Question
could you help me with the below multiple questions: Which of the following is an example of a near-public good? Select one: a. national defense
could you help me with the below multiple questions:
Which of the following is an example of a near-public good?
Select one:
a. national defense
b. a polio vaccination program sponsored by the government
c. a lighthouse
d. a congested freeway during the morning rush hour
Change in Total Revenue/Change in Quantity, TR/Q=
Select one:
a. Profit
b. Marginal Revenue
c. Marginal Profit
d. Marginal cost
The price elasticity of demand for furniture is estimated at 1.3. This value means a one percent increase in the
Select one:
a. price of furniture will decrease the quantity of furniture demanded by 1.3 percent.
b. price of furniture will increase the quantity of furniture demanded by 1.3 percent.
c. quantity of furniture demanded will decrease the price of furniture by 1.3 percent.
d. quantity of furniture demanded will increase the price of furniture by 1.3 percent.
The loss of the highest valued alternative defines the concept of
Select one:
a. scarcity
b. entrepreneurship
c. opportunity cost.
d. marginal benefit
If the price of product X falls and this change increases the demand for product Y, then
Select one:
a. X and Y are substitutes.
b. X and Y are complements.
c. X is an inferior good.
d. Y is an inferior good.
Currently you purchase 6 packages of hot dogs a month. You will graduate from college in December and you will start a new job in January. You have no plans to purchase hot dogs in January. For you, hot dogs are
Select one:
a. A substitute good.
b. An inferior good.
c. A law-of-demand good.
d. A normal good.
I am considering loaning my brother $10,000 for one year. He has agreed to pay 10% interest on the loan. If I don't loan my brother the $10,000, it will stay in my bank account for the year, where it will earn 2% interest. What is the opportunity cost to me of the loan to my brother?
Select one:
a. $800.
b. $200.
c. $1,200.
d. $1,000.
Opportunity cost is best defined as
Select one:
a. the amount given up when choosing one activity over all other alternatives.
b. the amount that is given up when choosing an activity that is not as good as the next best alternative.
c. the opportunity to earn a profit that is greater than the one currently being made.
d. the amount given up when choosing one activity over the next best alternative.
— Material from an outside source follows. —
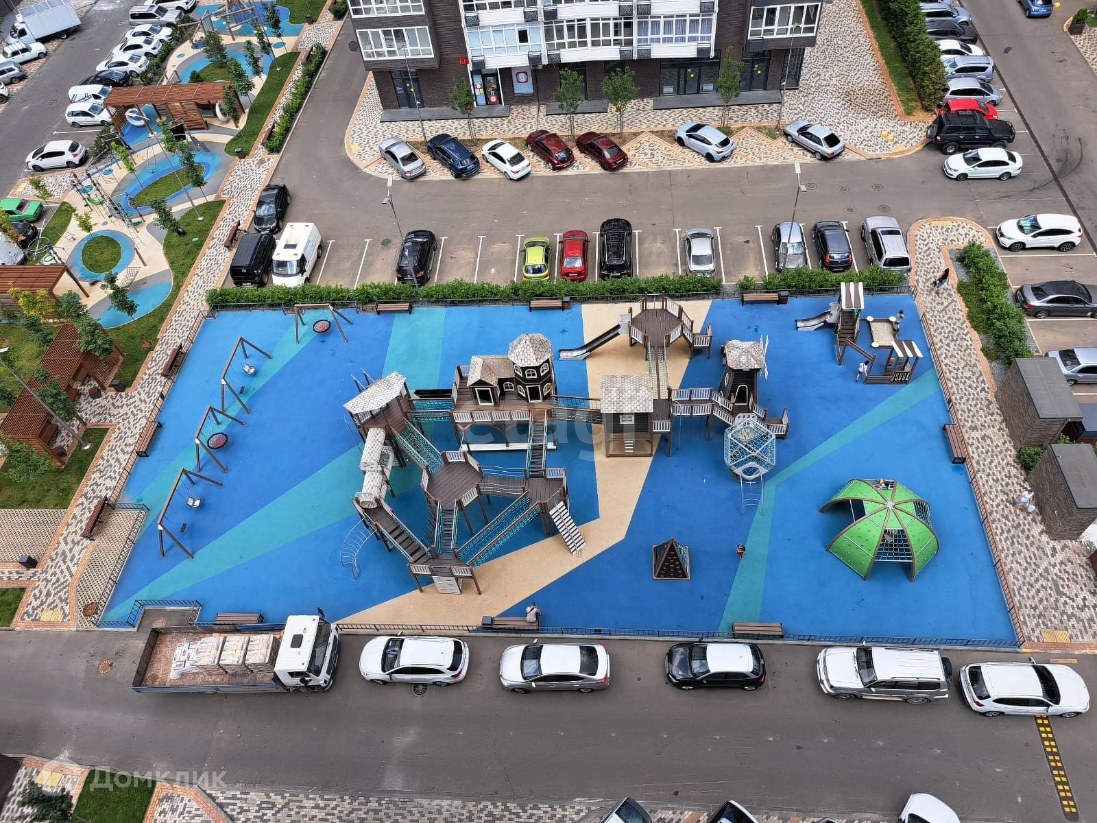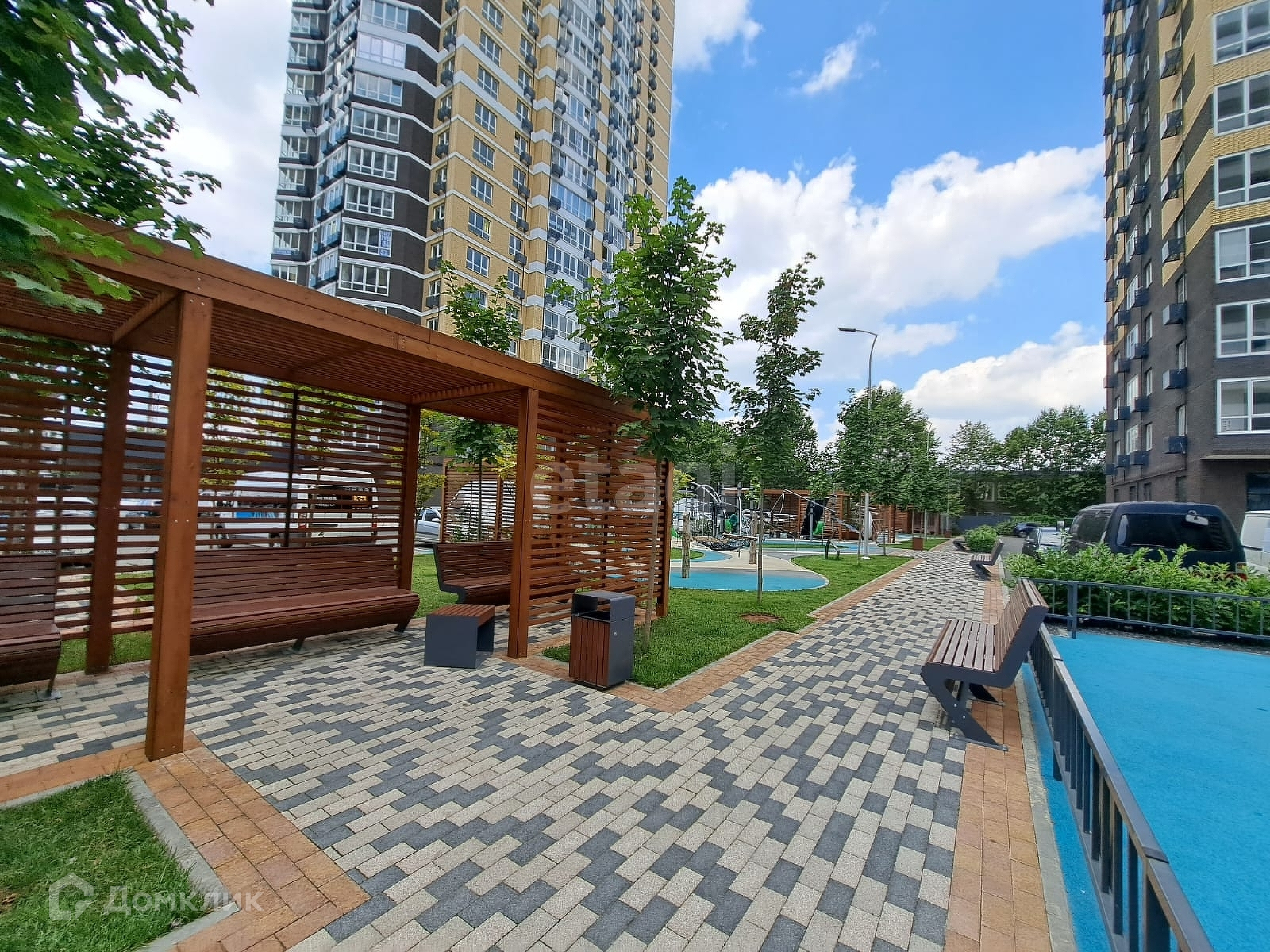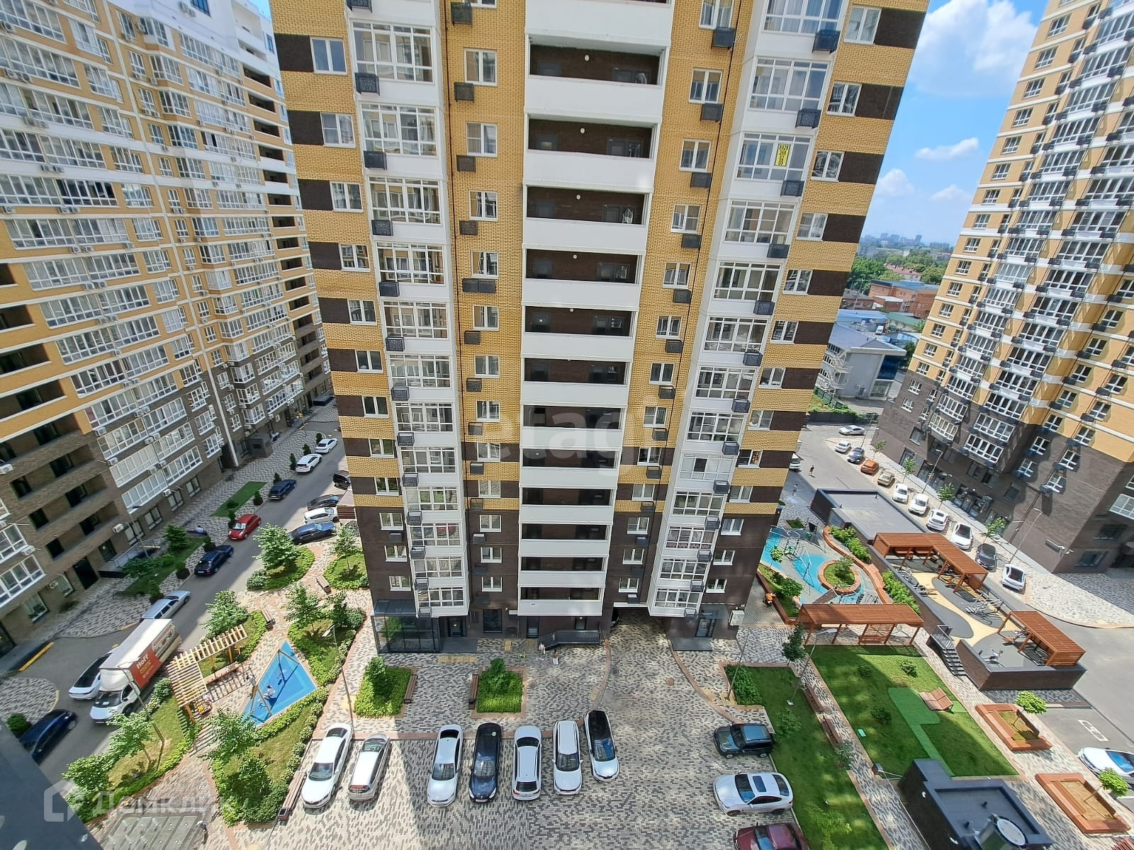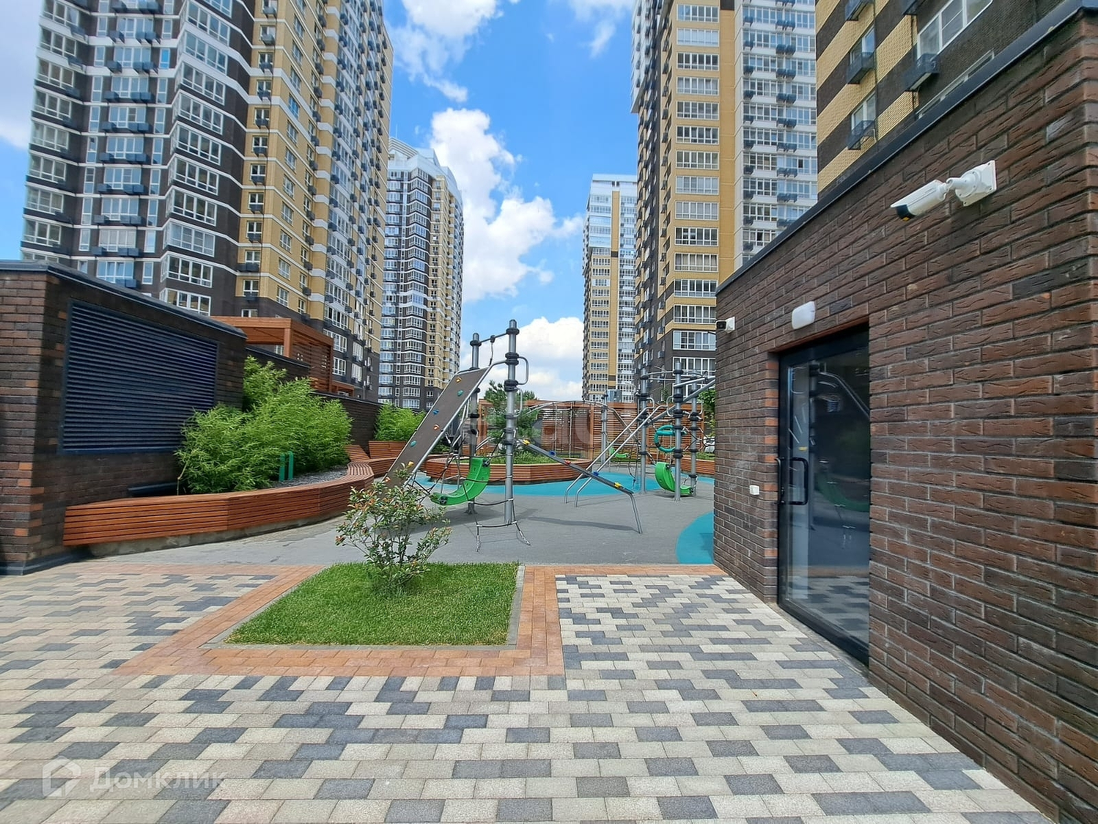 Закрытая придомовая территория с видео-наблюдением, зоны отдыха и спортивных тренажеров, фонтан, консьерж, всегда есть место для парковки автомобиля.

Because a monopolist is the sole producer in its market, it can necessarily alter the price of its good
Select one:
a. by adjusting the quantity it supplies to the market.
b. without affecting the quantity sold.
c. by changing its marginal cost.
d. without affecting its average total cost.
If the price of a good increases while the quantity of the good exchanged on markets decreases, then the most likely explanation is that there has been
Select one:
a. an increase in supply.
b. a decrease in demand.
c. a decrease in supply.
d. an increase in demand.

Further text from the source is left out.